Beginning at the line containing "長城功夫中心的隊員們在胡康妮" in the material below and ending at the line containing "by Larry Clark", return each line exactly and add nothing.

== INFORMATION SUPPLIED ==
== Segment start ==

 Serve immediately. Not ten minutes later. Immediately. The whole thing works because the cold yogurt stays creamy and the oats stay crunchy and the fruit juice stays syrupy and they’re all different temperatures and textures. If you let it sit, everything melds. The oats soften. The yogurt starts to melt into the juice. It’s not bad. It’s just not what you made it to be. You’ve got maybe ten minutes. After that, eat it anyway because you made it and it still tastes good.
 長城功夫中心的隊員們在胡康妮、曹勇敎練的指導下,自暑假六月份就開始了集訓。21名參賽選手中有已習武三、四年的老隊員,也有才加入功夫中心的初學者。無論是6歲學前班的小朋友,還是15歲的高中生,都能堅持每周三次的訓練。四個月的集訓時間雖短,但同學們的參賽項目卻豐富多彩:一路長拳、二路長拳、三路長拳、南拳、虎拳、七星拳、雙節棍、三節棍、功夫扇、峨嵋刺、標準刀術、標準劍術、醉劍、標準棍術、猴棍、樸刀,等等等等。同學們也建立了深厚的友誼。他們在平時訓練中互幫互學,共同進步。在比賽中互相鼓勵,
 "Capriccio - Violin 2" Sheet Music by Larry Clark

== Segment end ==
== Segment start ==

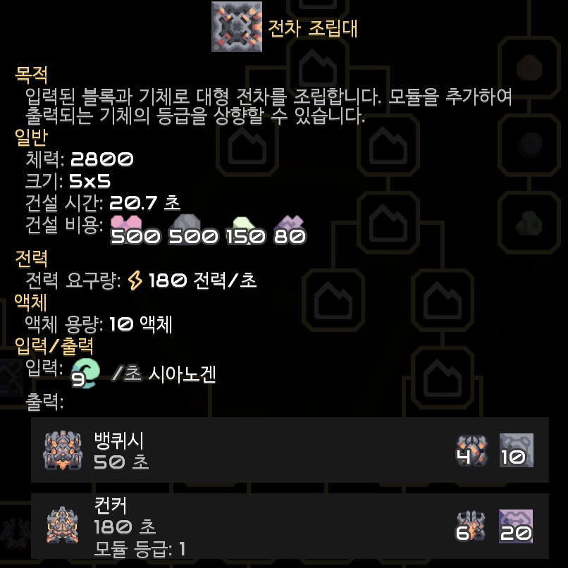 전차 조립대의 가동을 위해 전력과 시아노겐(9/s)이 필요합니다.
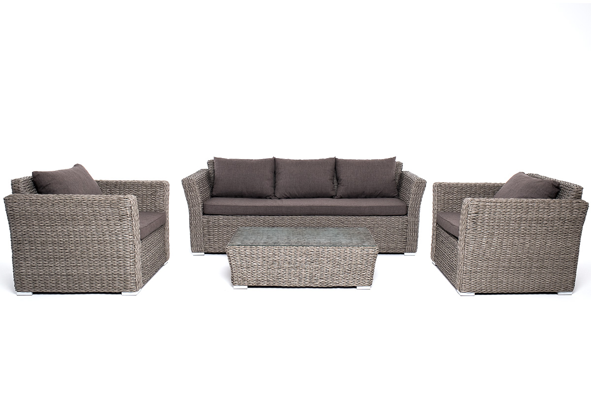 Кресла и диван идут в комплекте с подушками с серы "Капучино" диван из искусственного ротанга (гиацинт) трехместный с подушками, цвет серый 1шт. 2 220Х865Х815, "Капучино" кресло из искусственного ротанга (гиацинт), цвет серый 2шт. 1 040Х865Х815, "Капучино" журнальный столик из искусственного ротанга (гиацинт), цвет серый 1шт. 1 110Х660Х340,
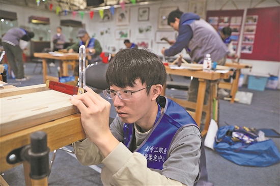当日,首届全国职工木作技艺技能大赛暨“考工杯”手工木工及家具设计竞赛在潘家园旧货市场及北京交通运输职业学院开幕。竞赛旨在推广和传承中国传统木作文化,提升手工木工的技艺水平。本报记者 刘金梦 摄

== Segment end ==
== Segment start ==

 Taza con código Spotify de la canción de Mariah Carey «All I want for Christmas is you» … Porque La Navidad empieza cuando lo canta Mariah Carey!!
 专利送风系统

== Segment end ==

== WORKED SOLUTION ==
 長城功夫中心的隊員們在胡康妮、曹勇敎練的指導下,自暑假六月份就開始了集訓。21名參賽選手中有已習武三、四年的老隊員,也有才加入功夫中心的初學者。無論是6歲學前班的小朋友,還是15歲的高中生,都能堅持每周三次的訓練。四個月的集訓時間雖短,但同學們的參賽項目卻豐富多彩:一路長拳、二路長拳、三路長拳、南拳、虎拳、七星拳、雙節棍、三節棍、功夫扇、峨嵋刺、標準刀術、標準劍術、醉劍、標準棍術、猴棍、樸刀,等等等等。同學們也建立了深厚的友誼。他們在平時訓練中互幫互學,共同進步。在比賽中互相鼓勵,
 "Capriccio - Violin 2" Sheet Music by Larry Clark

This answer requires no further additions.